Is this a reasonable use of the Fluke 2 pole tester or does it have limitations?
If yes, can you recommend a wander lead that is compatible with my tester?

Connect one terminal of the Fluke to earth and use the earth at the far end in place of a long lead.
 
Not sure exactly what you mean.

Is this a reasonable use of the Fluke 2 pole tester or does it have limitations?
Well, yes, if that is what you are doing.

If yes, can you recommend a wander lead that is compatible with my tester?
Screwfix have a couple but, as you will see, they are quite expensive.
I made one myself but it did not work out that much cheaper.
55m. (approximately) of 1mm² wire is 1Ω - less a tiny bit for the other lead - so easy to deduct from the reading.

It's just a wire so the only non-compatible thing will be the wander lead's 4mm. connectors which won't fit to your tester probes.

If you had a multimeter then the wander lead would just plug into it.
 
Is continuity a binary condition or are there degrees of continuity?
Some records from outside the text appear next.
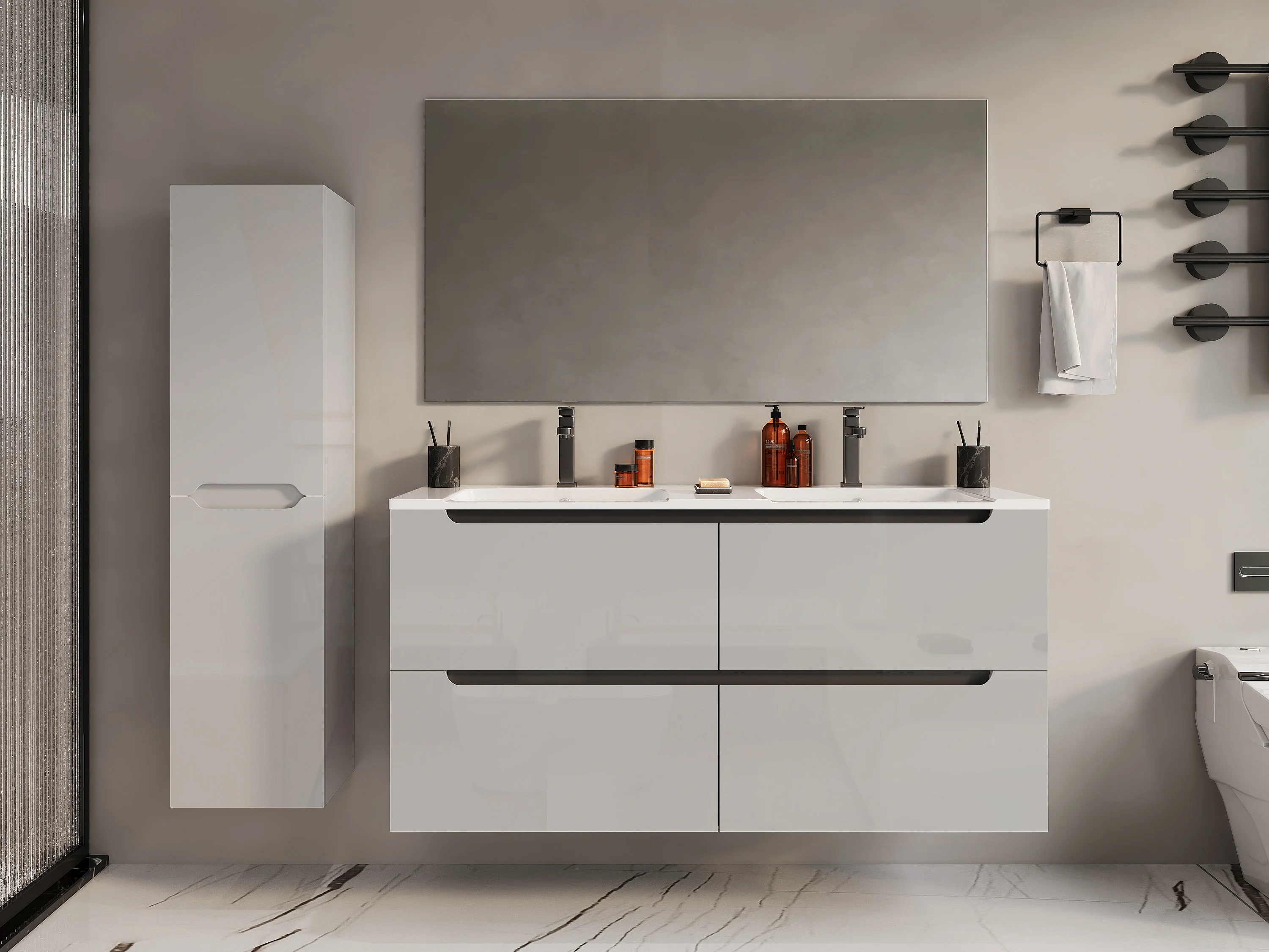 Meuble de salle de bain suspendu avec double vasque à encastrer et colonne - Blanc - 120 cm - SELITA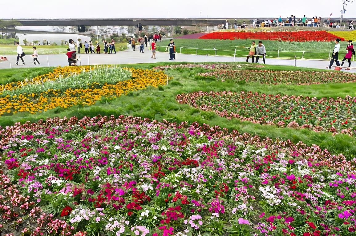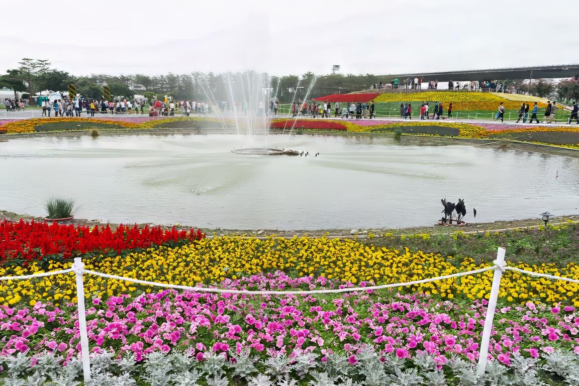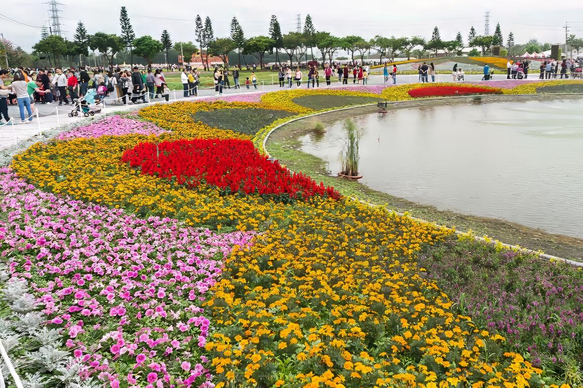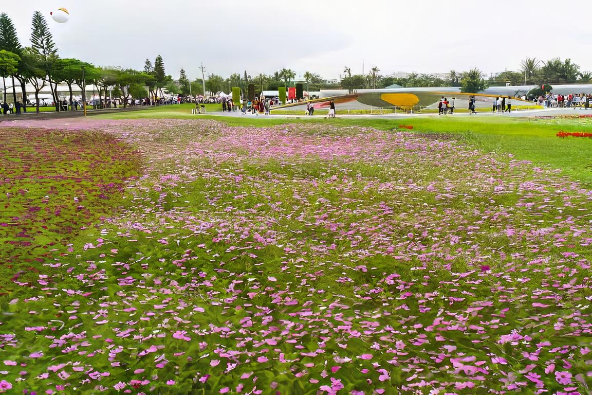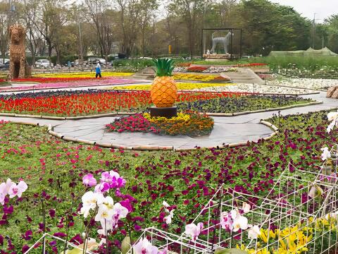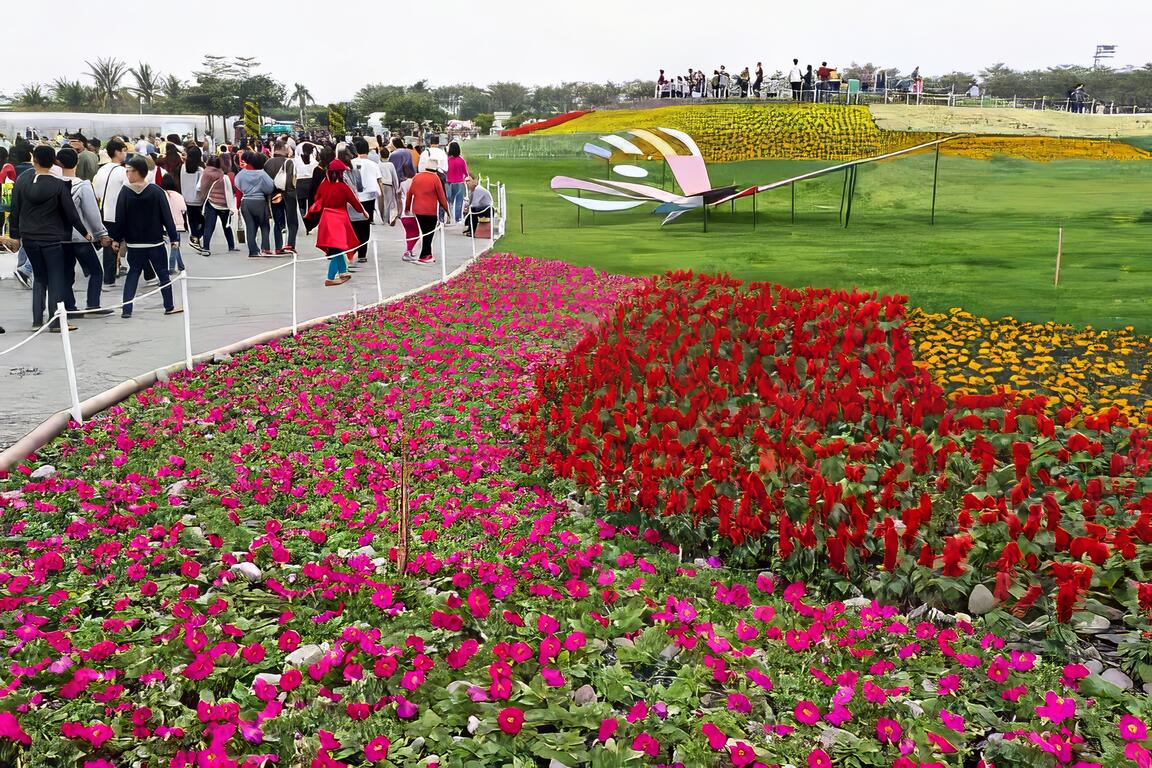 2018屏東熱帶農業博覽會各區皆有特色,除人龍綿延不絕主打重點的「Hello Kitty彩稻田&商品」區外,一開始進入看到的「迎春花海」區一直以來都是遊客最常駐足拍攝的地方。於此並有設置觀景平台,供遊客遠眺整個園區的美景。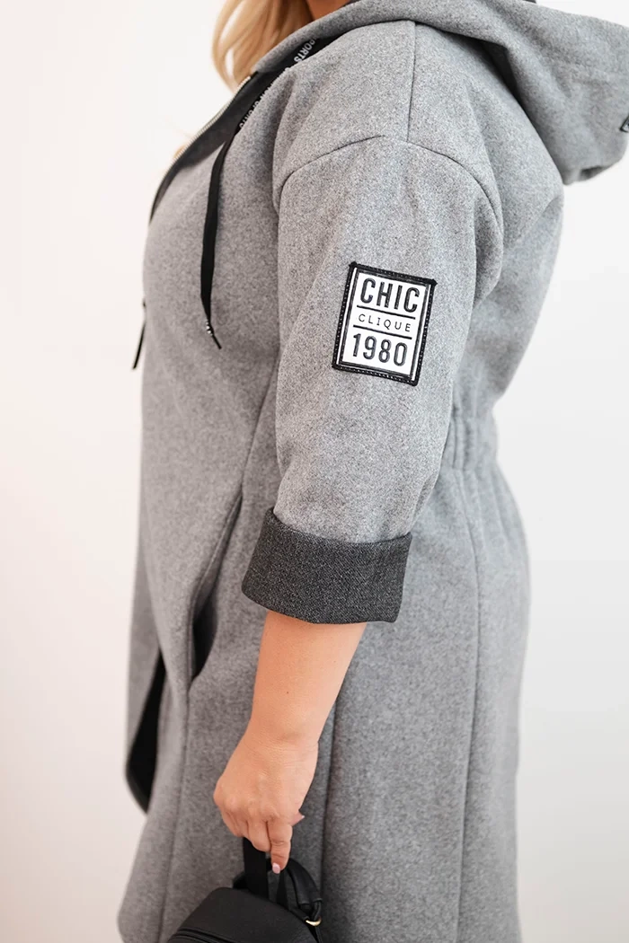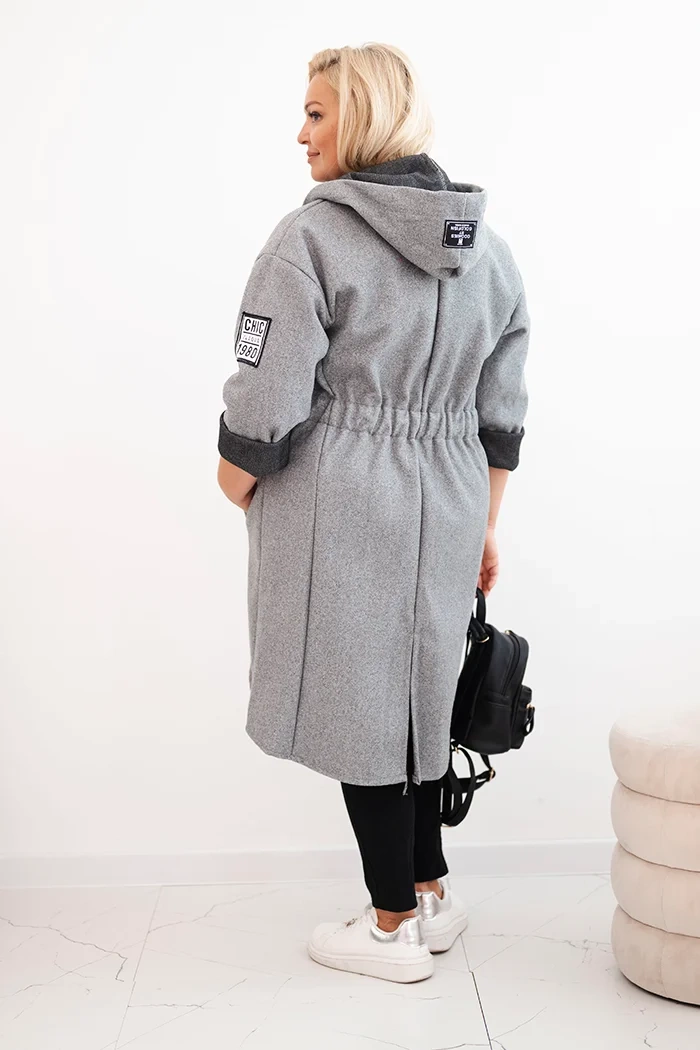 Štýlový dámsky kabát plus size z semišu je skvelou voľbou pre ženy, ktoré oceňujú pohodlie a eleganciu v každodenných outfitov. Vyrobený z mäkkého materiálu imitujúceho semiš, vyzerá veľmi moderne a je príjemný na dotyk. Rozopínateľný strih s kapucňou robí kabát praktickým a skvele sa hodí ako v chladnejších dňoch, tak aj ako doplnok mestských outfitov.

The latter wouldn't be possible with my current tester.
I could purchase a long length of earth cable as I think you are suggesting but I have seen that the purpose built leads come in a reel so you only unwind what is required and save them becoming a hazard or getting damaged. I thought I had also seen some where you can push your probe into a designated port in the reel.

Interested in your thoughts and experiences.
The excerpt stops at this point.